Читаем Секрет_долголетия полностью

— Что я тебе, гадалка? Разбудить человека среди ночи!.. Давно так сладко не спал, а тут ты на мою голову… Ну говори, что снилось!

— Ох, не спрашивай! Она, она мне приснилась, та, что у тебя на карточке… Эта черноглазая. Ох и растревожила она меня, не приведи бог… Давно такого не было… Ну и краля! Откуда ты такую взял?

— Тьфу, сатана! Пристал как банный лист… Говорил же я тебе человеческим языком, что я ее никогда в глаза не видел. Объяснял же… Это жена моего фронтового друга Корсунского. В одном отделении, в одной роте служили. Из одного котелка щи хлебали. Ну, что еще тебе сказать?.. Понимаешь?..

— Понимаю! А что же, я не понимаю? — осторожно проговорил Хацкель. — Но ты, кажется, хотел мне рассказать, откуда к тебе попала ее карточка…

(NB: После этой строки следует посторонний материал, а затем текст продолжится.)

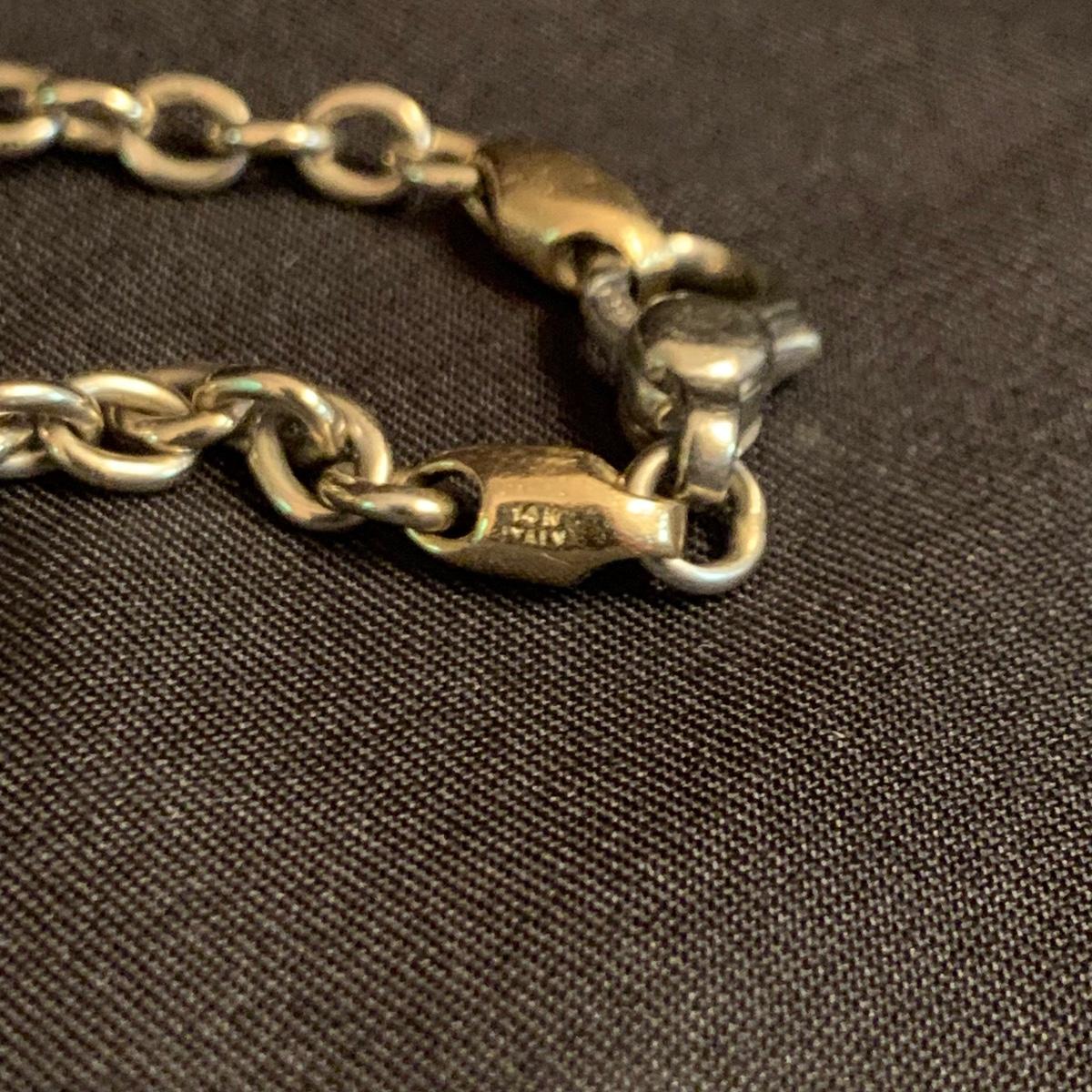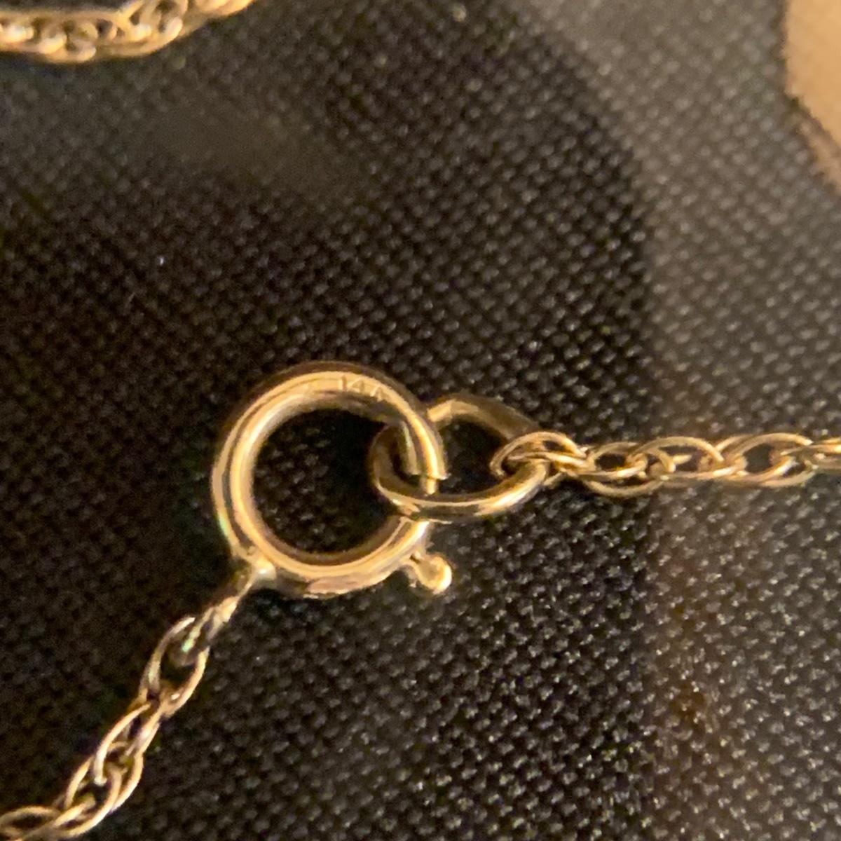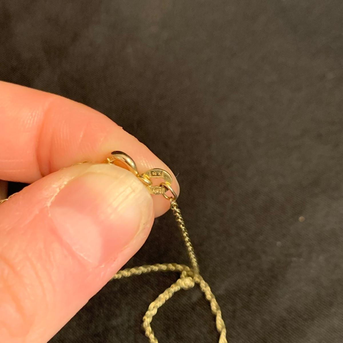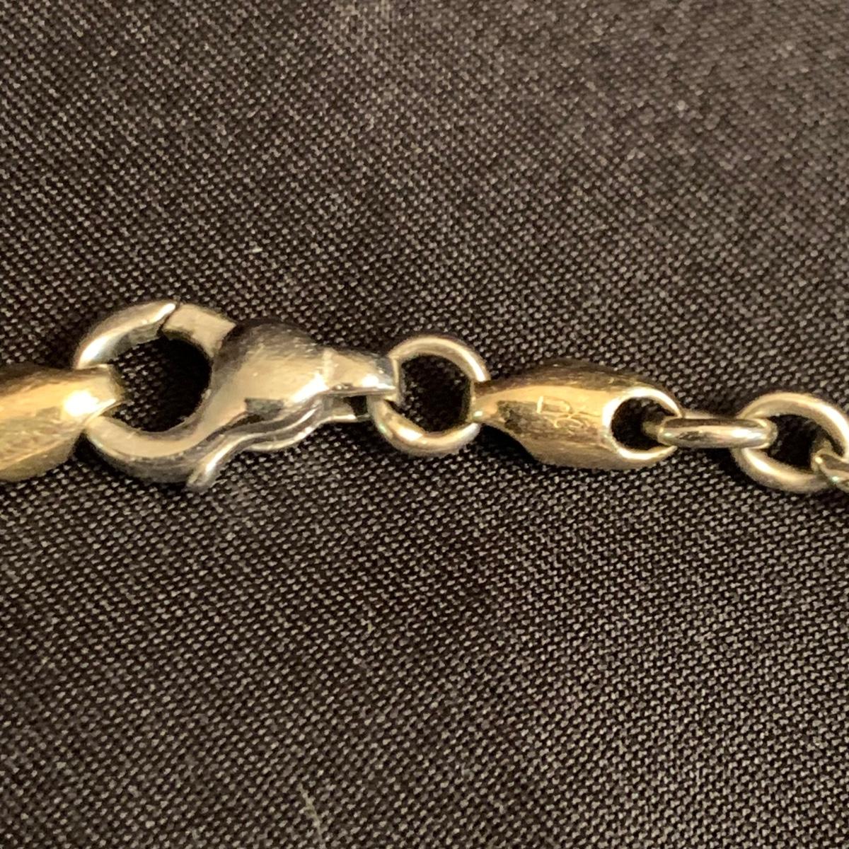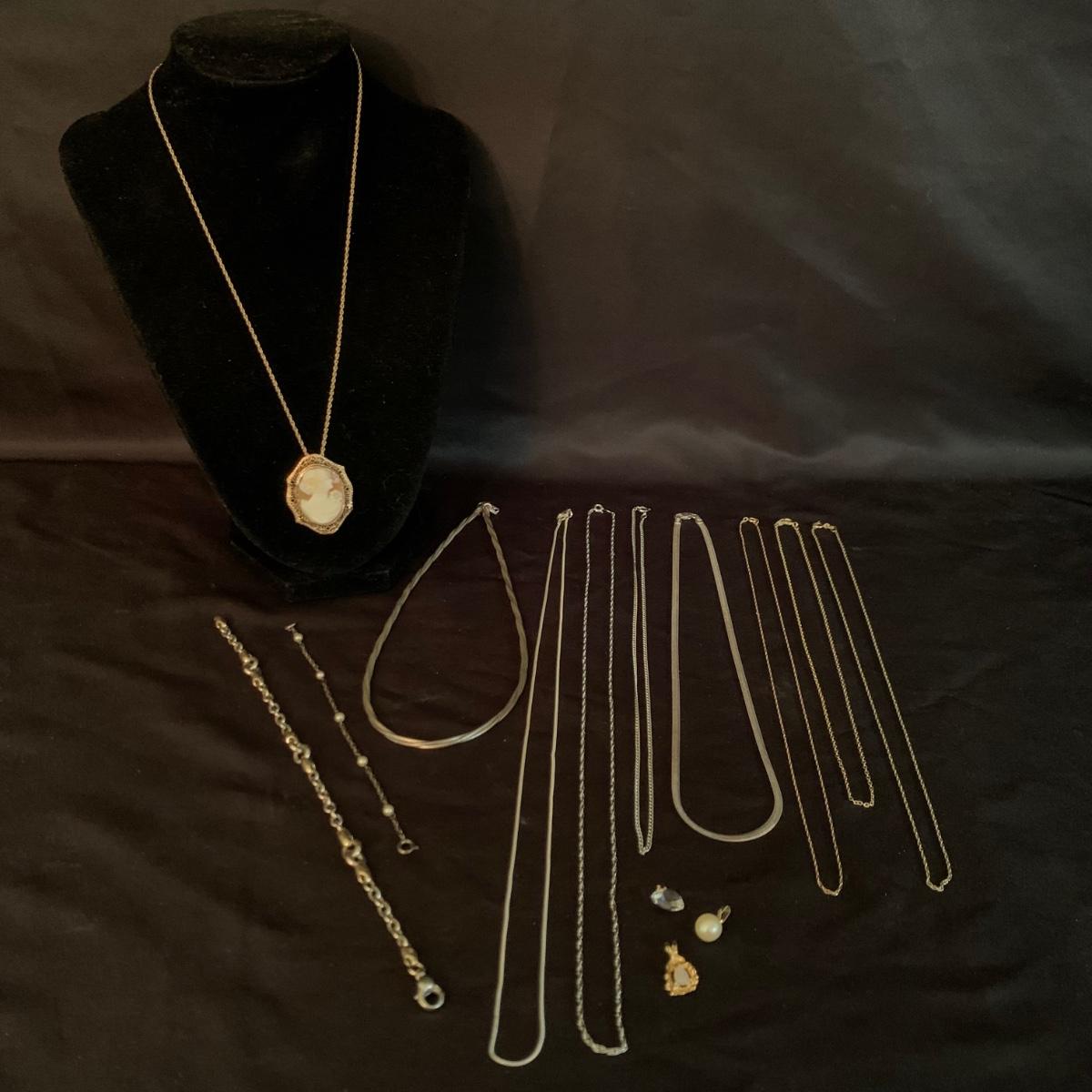 In this lot there are nine necklace chains, two bracelets, and four pendants. There are three chains marked “˜14K’ and four marked “˜925’ or “˜Sterling’. One silver and one gold necklace do not have visible marks. The chain bracelet is marked 14K and 585; it is 8.5” long. The small bracelet with the pearly beads is marked Sterling; it is 5.5” long. No marks are seen on the pendants. The two longest Sterling chains are 24“ and the shortest Sterling chain that has three strands wrapped around each other is 16”.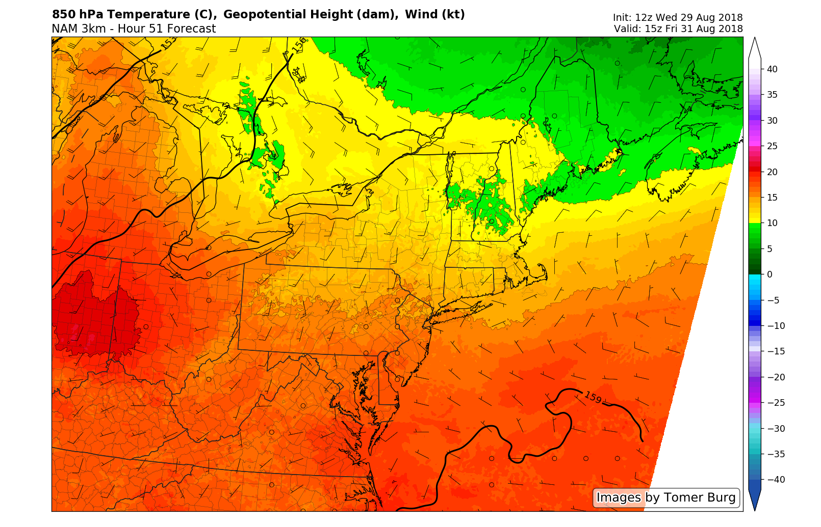 A frontal boundary shifts southward this weekend and brings a much needed, and much welcomed, cool down in temperatures throughout the atmosphere. In the mid levels, temperatures will cool by as much as 10-15 F, which is associated with a changed airmass and more northerly wind component. This is great news, because it means that cooler  air will funnel into the Northeast states.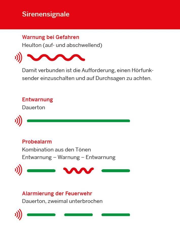 So soll noch einmal auf die Bedeutung der Warnsignale aufmerksam gemacht werden. Auf die rund 140 Sirenen wird dann zurückgegriffen, wenn es ernst wird. Mit dem Heulen wird die Bevölkerung bei großen Katastrophen oder Schadenslagen gewarnt - etwa bei Bombenentschärfungen, Großbränden oder Unwettern.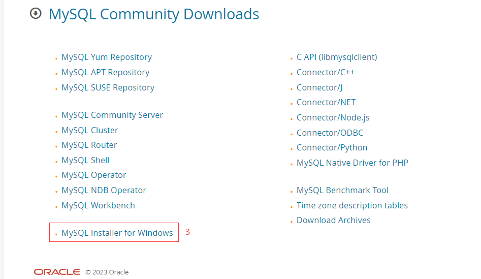 进入mysql官方网站后,按下图顺序点击“Downloads”->'Community'->“MySQL on Windows”->'MySQL Installer'进入下载页面。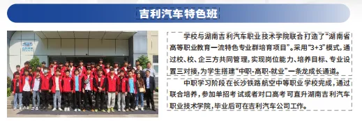 学校与湖南吉利汽⻋职业技术学院联合打造了“湖南省⾼等职业教育⼀流特色专业群培育项目”。采⽤“3+3”模式,通过校、校、企三⽅共同管理,实现岗位能力、培养目标、专业设置三对接,为学⽣搭建“中职-⾼职-就业”⼀条龙成⻓通道。中职学习阶段在长沙铁路航空中等职业学校完成,通过联合培养,参加单招考试或者对口⾼考可直升湖南吉利汽⻋职业技术学院,毕业后可在吉利汽车公司工作。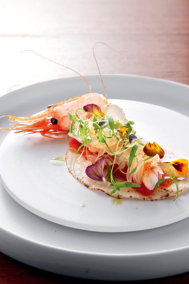 冬に旨みを増すぼたん海老のガーリックオイルソテーは、海老の旨みを引き出した前菜。相性のいい聖護院蕪やパプリカ、文旦などが彩り豊かに添えられます。自家製パンで挟んだ蔵尾ポークの角煮カツサンドは、食べ応えある夜のコースのスペシャリテです。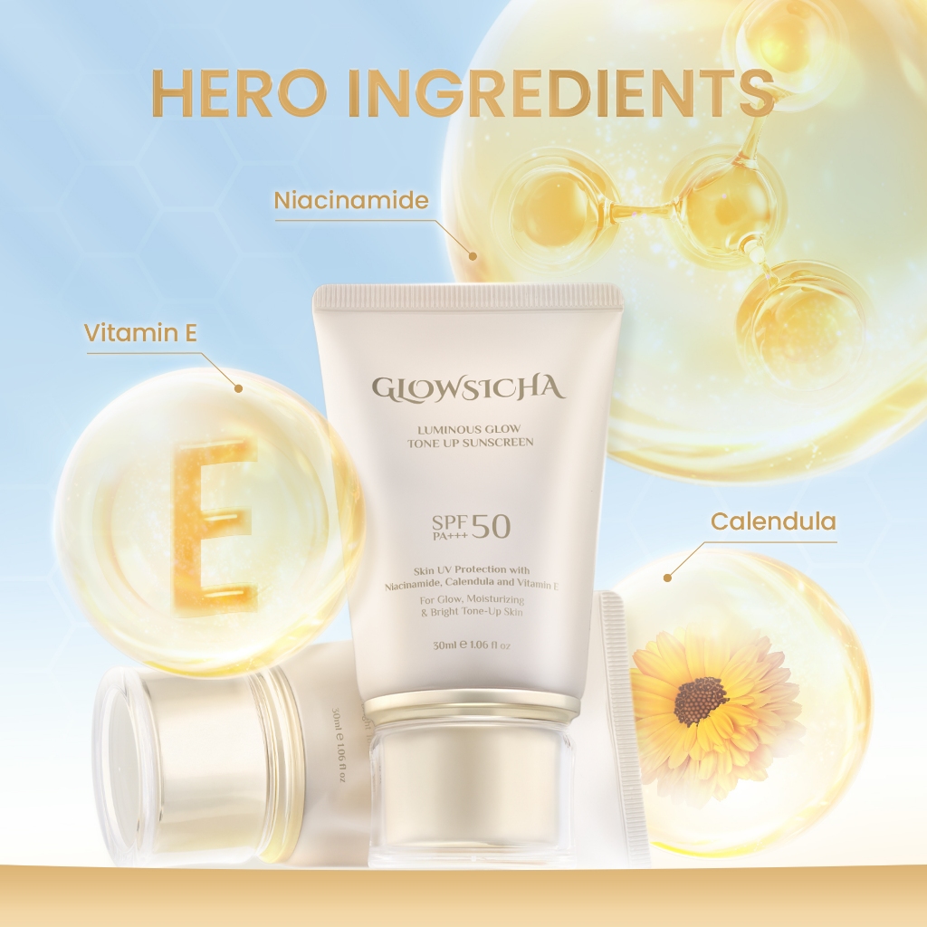 Glowsicha Bundle 2in1 Tone Up Sunscreen + Bright Day Cream - Paket Lengkap Krim Mencerahkan dan proteksi sinar UV SPF 50 PA+++

Шмая молчал, хоть чувствовалось, что он встревожен. Он пытался снова уснуть, но сон не шел. Он поднялся с пола, стал искать табак, но, не найдя нигде ни крошки, сел на свою постель. Обняв руками колени и глядя в окно на светлые облака, окружившие яркий диск месяца, он задумчиво промолвил:

— Долго рассказывать…

— Ну и что ж? Долго так долго, времени у нас хватит, — отозвался Хацкель. — Просто не узнаю тебя! Раньше, бывало, и не просишь, а ты рассказываешь — всякие истории сыплешь, как из мешка… Всегда веселил людей, а теперь…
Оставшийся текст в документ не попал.